Return the lines of the listing below exactly as they appear, beginning at the one with "KWALITY LED (CORDLESS) MICROSCOPE" and stopping after the one with "FIGURE 4 In"; do not include pictures.

» **Data in this exercise**
[Start of section]

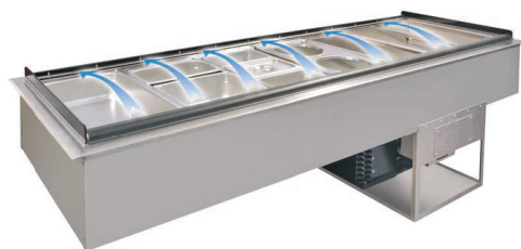
4CB-DI - fully insulated Cool Breeze Drop-in
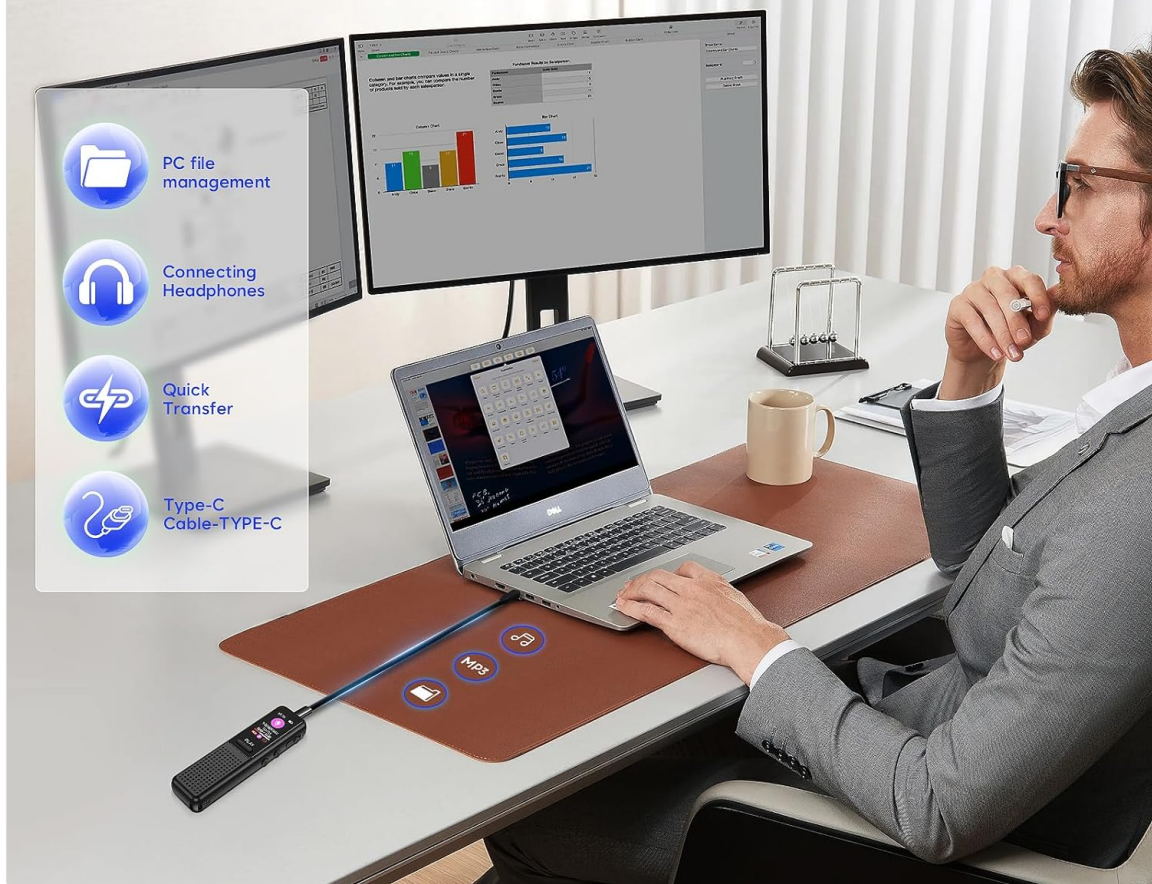
Image: A person using a laptop with the ZIPCODE voice recorder connected via a Type-C cable, demonstrating convenient file download and management on a computer. Icons for PC file management, connecting headphones, and quick transfer are also shown.
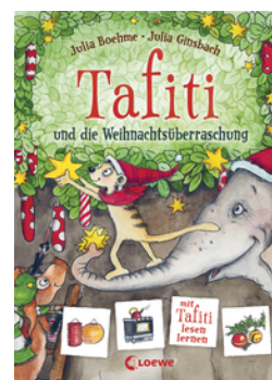
Tafiti - The Christmas Surprise
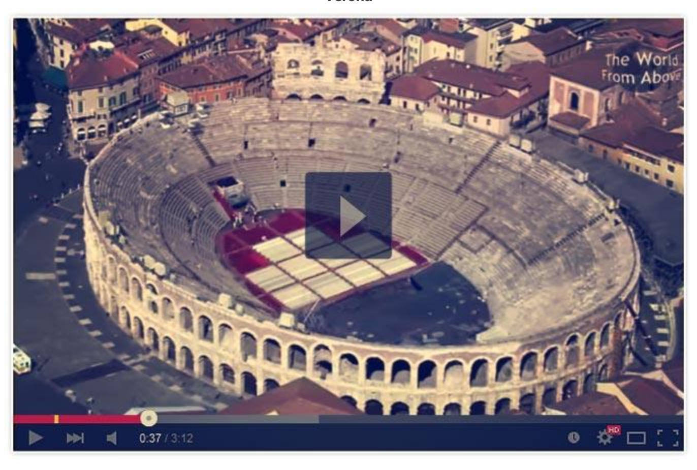
Day 9, Tuesday September 15 Verona

It is about time to learn and see more of this city. We booked the Hop On Hop Off bus tour to do this. I would recommend staying on the bus for the first trip around to find out what will really interest you. On the second round you can get then off and do your own sightseeing. You are free to spend as much or as little time you want. Here are some of the attractions: Roman Arena; Lamberti Tower; Juliet's house, Piazza delle Erbe; all the famous churches – St. Anastasia, St. Fermo, St. Giorgio and Baslilica St. Zeno. Castelo San Pietro, Porta della Bra, Giusti Gardens and Castelvecchio would be also important.
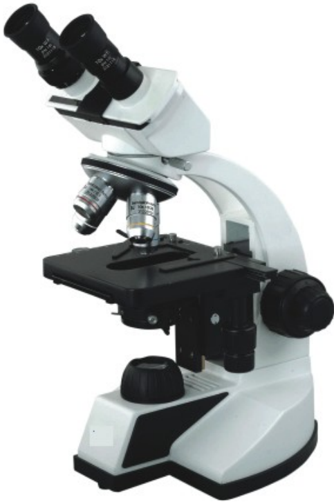
KWALITY LED (CORDLESS) MICROSCOPE
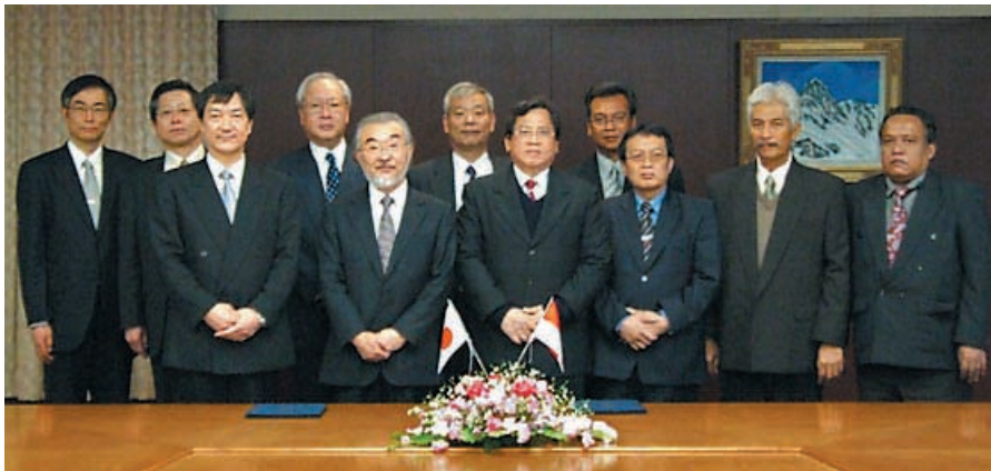
Attendees of the signing ceremony

Thank you very much and terima kasih banyak.
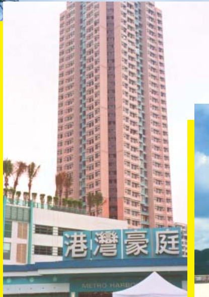
大角嘴港灣豪庭 Metro Harbour View in Tai Kok Tsui
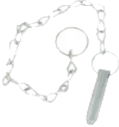
BENSP Safety Pin Also fits HILMORE EL25, EL32, CM35 & CM42
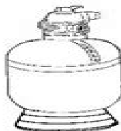
Laser L160, L190
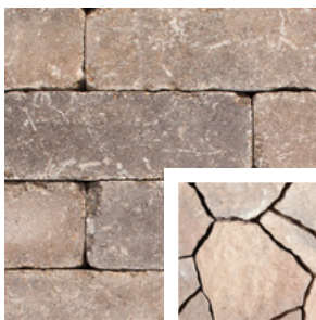
GASCONY TAN W/ ASHBURY HAZE ACCENT
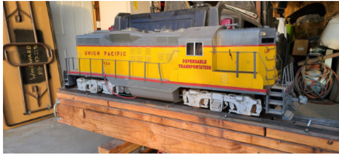
GP9, Powered 1" scale $8,000

1" scale version of this workhorse locomotive. Whether you're fascinated by multi-unit diesels or just want a lazy day alternative to your steamer, this GP9 is your answer.
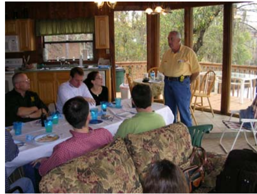
We had fun AND talked business
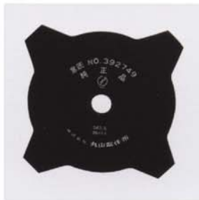
4 Tooth Blade
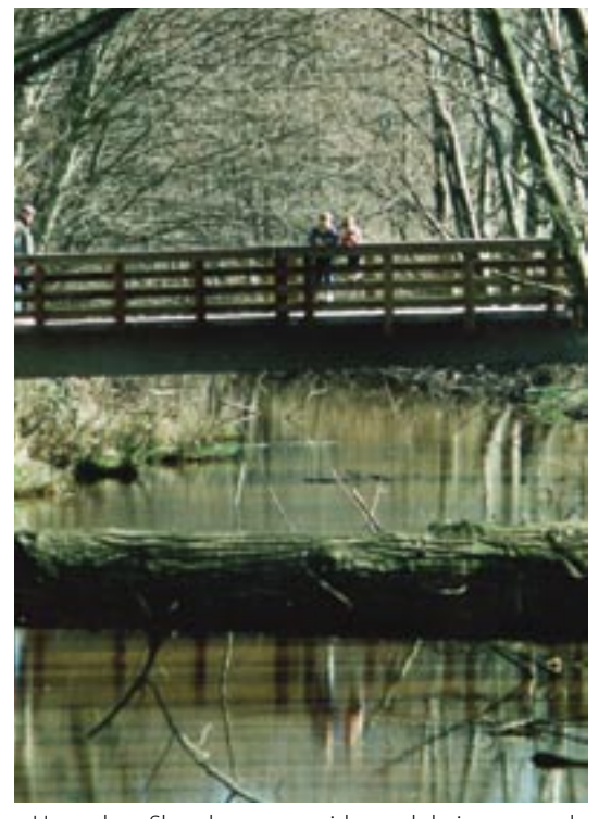
Horseshoe Slough - eco-corridor and drainage canal
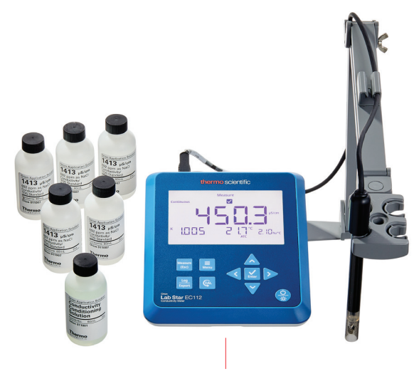
For a wide variety of conductivity samples in the 1 µS/cm to 20 mS/cm range.
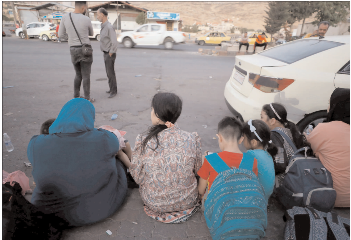
BEIRUT: Lebanese people, fleeing the Israeli bombardment, at the border crossing in Jdaidet Yabous, Syria.
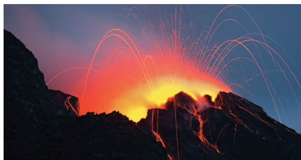
FIGURE 4 In Stages 3 to 5 of mineral evolution, a variety of igneous and metamorphic processes increased the diversity of mineral species. Mount Stromboli (shown here in eruption, October 2007) is an arc volcano formed as the African Plate subducts under the Eurasian Plate. Plate tectonics is an example of mineral-forming processes that first emerged in Stage 5.

Because of plate tectonics, Earth experienced yet another pulse of mineral evolution (Stage 5; FIG. 4). Subduction of H_2O -rich, chemically diverse crustal materials led to fluid–rock interactions and associated rare element concentration on a vast scale, notably forming massive sulfide deposits with more than 150 new sulfosalts. Dozens more mineral species first appeared at Earth's surface from the uplift and exposure of deeply subducted domains containing a wealth of high-pressure, low-temperature minerals formed along the anomalously low geothermal gradients in subduction zones.
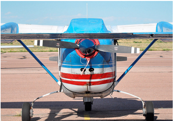
Cessna 337 Skymaster Aft Engine Inlet Plugs

Engine Inlet Plugs are custom fit for your Cessna 336 (Fixed Gear Skymaster) intakes, made with heavy-duty vinyl material, and stuffed with a single block of sculpted urethane foam. Each plug has a zipper that allows the foam to be removed and dried if necessary. Engine plugs have warning flags that are visible from the cockpit or 'remove before flight' streamers sewn onto the face of the plugs. Most plugs are imprinted with the aircraft registration number in black for an extra charge. Storage bag NOT included. Engine plugs may be inserted after flight when the engine is still warm. Engine Inlet Plugs are commonly referred to as Cowl Plugs, Intake Plugs, Cowl Blocks, Engine Blocks, and Engine Bungs.
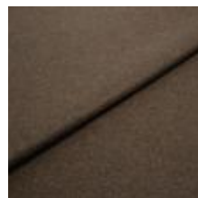
Fabric Margrethe 21141010 Java 1020629

[End of section]

» **Task response**
KWALITY LED (CORDLESS) MICROSCOPE
Attendees of the signing ceremony

Thank you very much and terima kasih banyak.
大角嘴港灣豪庭 Metro Harbour View in Tai Kok Tsui
BENSP Safety Pin Also fits HILMORE EL25, EL32, CM35 & CM42
Laser L160, L190
GASCONY TAN W/ ASHBURY HAZE ACCENT
GP9, Powered 1" scale $8,000

1" scale version of this workhorse locomotive. Whether you're fascinated by multi-unit diesels or just want a lazy day alternative to your steamer, this GP9 is your answer.
We had fun AND talked business
4 Tooth Blade
Horseshoe Slough - eco-corridor and drainage canal
For a wide variety of conductivity samples in the 1 µS/cm to 20 mS/cm range.
BEIRUT: Lebanese people, fleeing the Israeli bombardment, at the border crossing in Jdaidet Yabous, Syria.
FIGURE 4 In Stages 3 to 5 of mineral evolution, a variety of igneous and metamorphic processes increased the diversity of mineral species. Mount Stromboli (shown here in eruption, October 2007) is an arc volcano formed as the African Plate subducts under the Eurasian Plate. Plate tectonics is an example of mineral-forming processes that first emerged in Stage 5.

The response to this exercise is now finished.